(Data extracted from a collection)
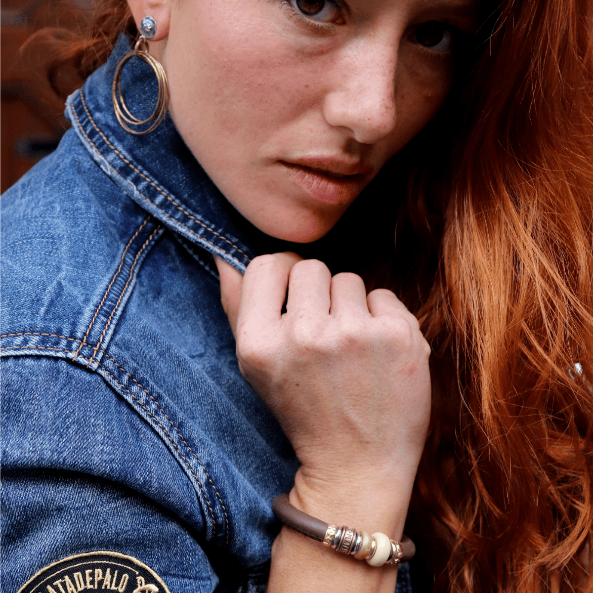 Pulsera mujer Jessie de cuero con resinas marrón y beige
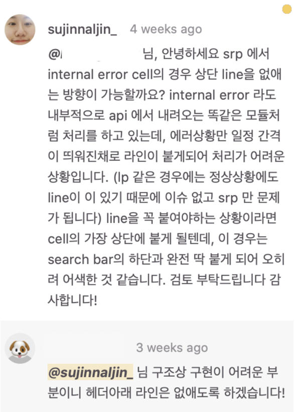 신기했던 것은 저는 디자인이 결정되면 어떻게든 똑같이 구현해야 하는 줄 알았는데, 개발 상황이나 효율에 따라 디자인도 어느 정도 유동적이게 조정 가능하다는 점이었습니다. 그래서 스펙대로 구현이 어려울 때는 디자이너 분도 조정이 필요한 이유를 공감하도록, 안 되는 이유를 최대한 자세히 설명드리고자 했습니다. 또한 디자인 변경이 필요할 것 같으면 안드로이드 개발자 분과 먼저 얘기하는 것도 잊지 않았고요!
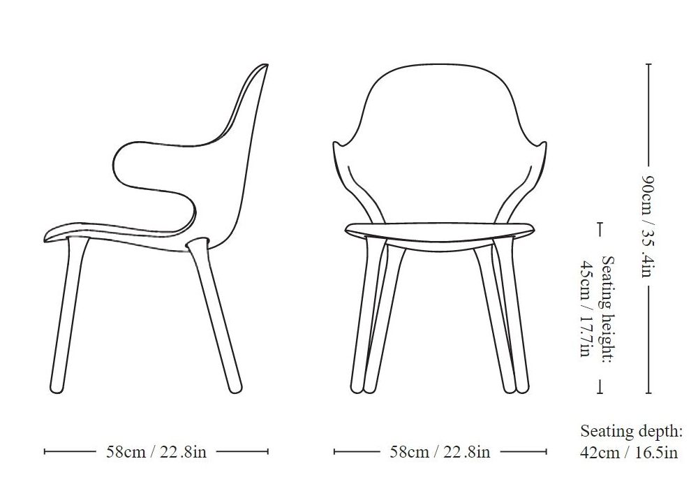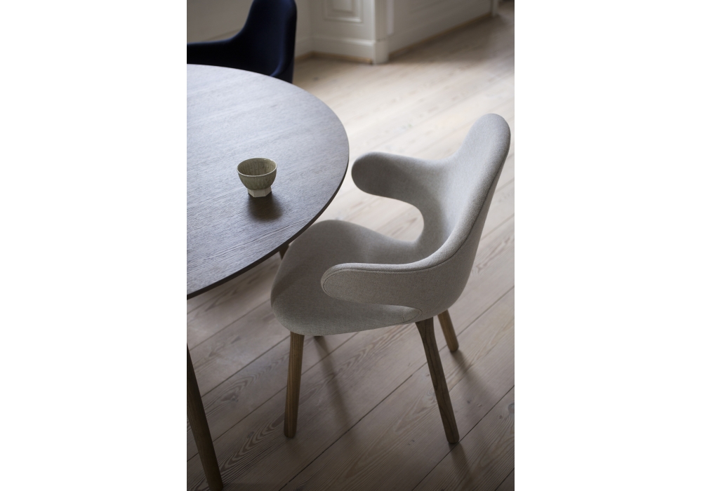 Catch JH1 conçue par Jaime Hayon pour & Tradition est une chaise réalisée en mousse PU moulée, mousse HR, pieds en chêne huilé ou laqué et revêtement en tissu ou cuir. Disponible en différentes finitions.
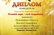 15 ноября 2022г., воспитатель Левшина О.В. стала победителем Всероссийского творческого конкурса "Осенняя пора - очей очарование..." Поздравляем педагога с победой. Желаем творческих успехов.
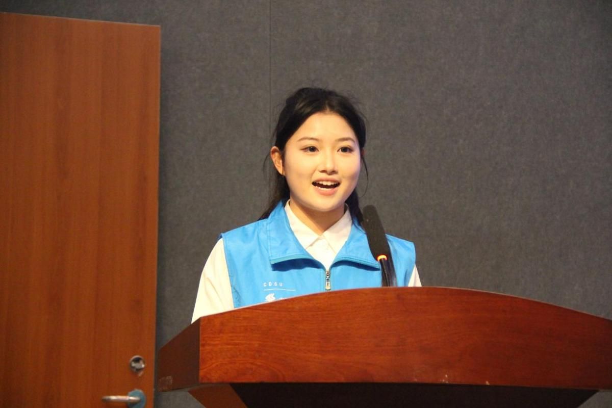 志愿者代表——新闻与传播学院杨思宇表态发言

Assignment. Every line from the one holding "Catch JH1 conçue" through the end of the records above must be reproduced verbatim, pictures excepted.

Exercise answer.
 Catch JH1 conçue par Jaime Hayon pour & Tradition est une chaise réalisée en mousse PU moulée, mousse HR, pieds en chêne huilé ou laqué et revêtement en tissu ou cuir. Disponible en différentes finitions.
 15 ноября 2022г., воспитатель Левшина О.В. стала победителем Всероссийского творческого конкурса "Осенняя пора - очей очарование..." Поздравляем педагога с победой. Желаем творческих успехов.
 志愿者代表——新闻与传播学院杨思宇表态发言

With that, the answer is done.